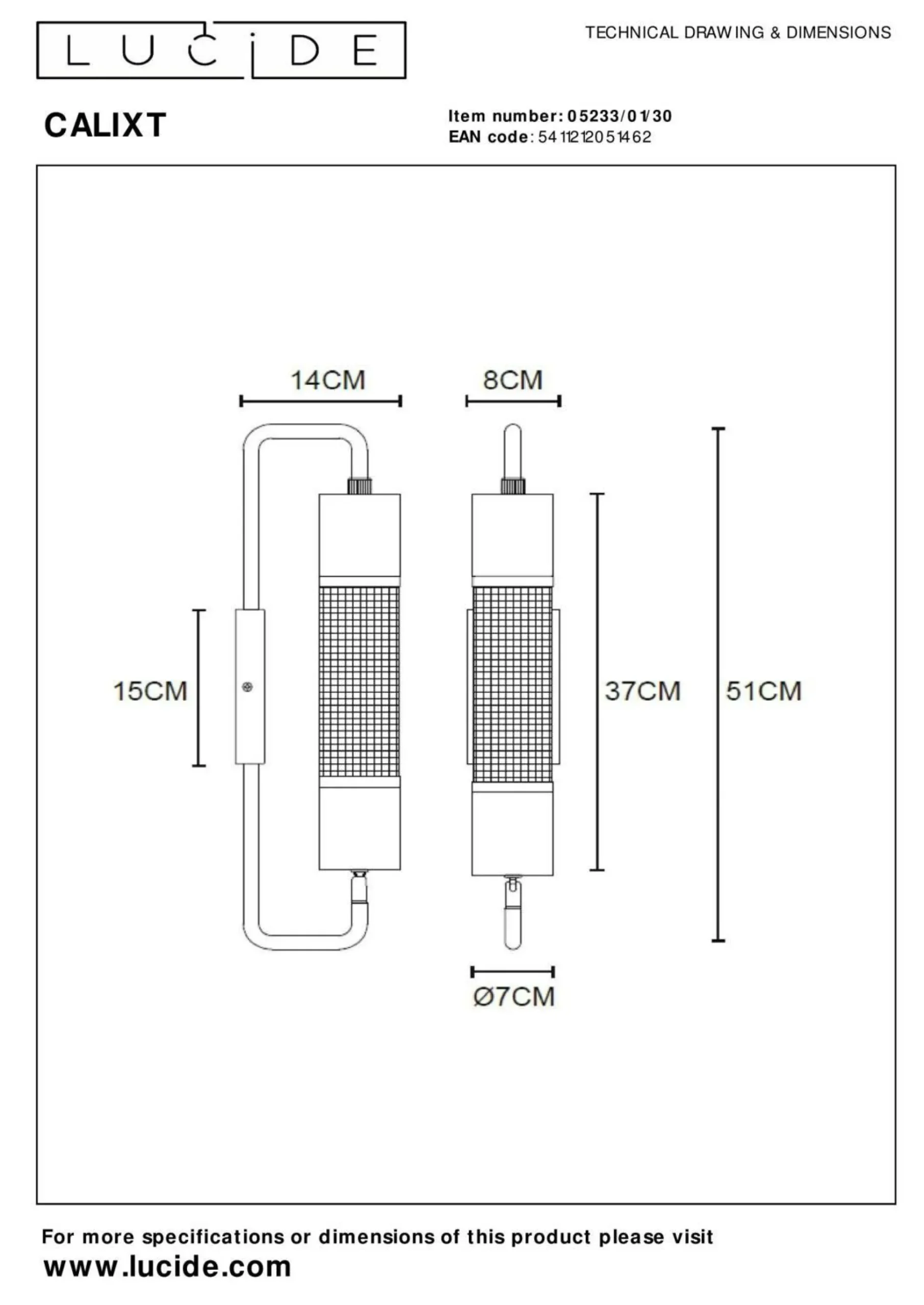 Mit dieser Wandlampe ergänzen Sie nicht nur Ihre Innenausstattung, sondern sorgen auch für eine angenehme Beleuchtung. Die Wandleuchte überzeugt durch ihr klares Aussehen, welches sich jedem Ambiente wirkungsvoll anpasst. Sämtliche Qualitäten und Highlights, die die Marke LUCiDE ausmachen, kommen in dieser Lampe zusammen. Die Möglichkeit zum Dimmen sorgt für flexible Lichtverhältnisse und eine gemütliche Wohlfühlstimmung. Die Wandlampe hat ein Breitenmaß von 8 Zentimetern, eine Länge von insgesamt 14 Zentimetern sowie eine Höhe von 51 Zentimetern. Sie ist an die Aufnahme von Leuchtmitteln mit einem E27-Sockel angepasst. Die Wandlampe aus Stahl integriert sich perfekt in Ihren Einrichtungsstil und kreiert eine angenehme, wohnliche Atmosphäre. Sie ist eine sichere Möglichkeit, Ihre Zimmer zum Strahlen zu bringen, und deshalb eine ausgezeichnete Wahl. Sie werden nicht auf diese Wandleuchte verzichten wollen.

---

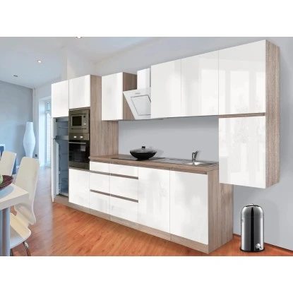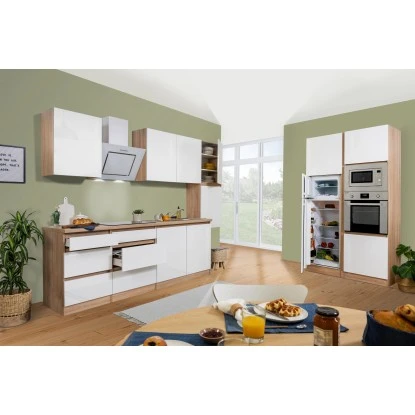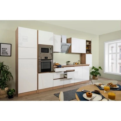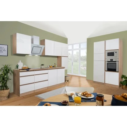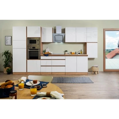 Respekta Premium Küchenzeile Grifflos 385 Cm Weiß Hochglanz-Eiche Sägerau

...

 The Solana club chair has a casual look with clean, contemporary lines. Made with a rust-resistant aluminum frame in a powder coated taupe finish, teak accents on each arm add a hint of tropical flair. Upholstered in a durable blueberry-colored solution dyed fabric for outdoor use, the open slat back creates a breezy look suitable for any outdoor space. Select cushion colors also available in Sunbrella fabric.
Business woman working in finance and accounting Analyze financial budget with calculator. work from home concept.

## WHAT YOU SHOULD DO
Take every line of the material that contains the word "with", and copy it.

## YOUR SOLUTION
 The Solana club chair has a casual look with clean, contemporary lines. Made with a rust-resistant aluminum frame in a powder coated taupe finish, teak accents on each arm add a hint of tropical flair. Upholstered in a durable blueberry-colored solution dyed fabric for outdoor use, the open slat back creates a breezy look suitable for any outdoor space. Select cushion colors also available in Sunbrella fabric.
Business woman working in finance and accounting Analyze financial budget with calculator. work from home concept.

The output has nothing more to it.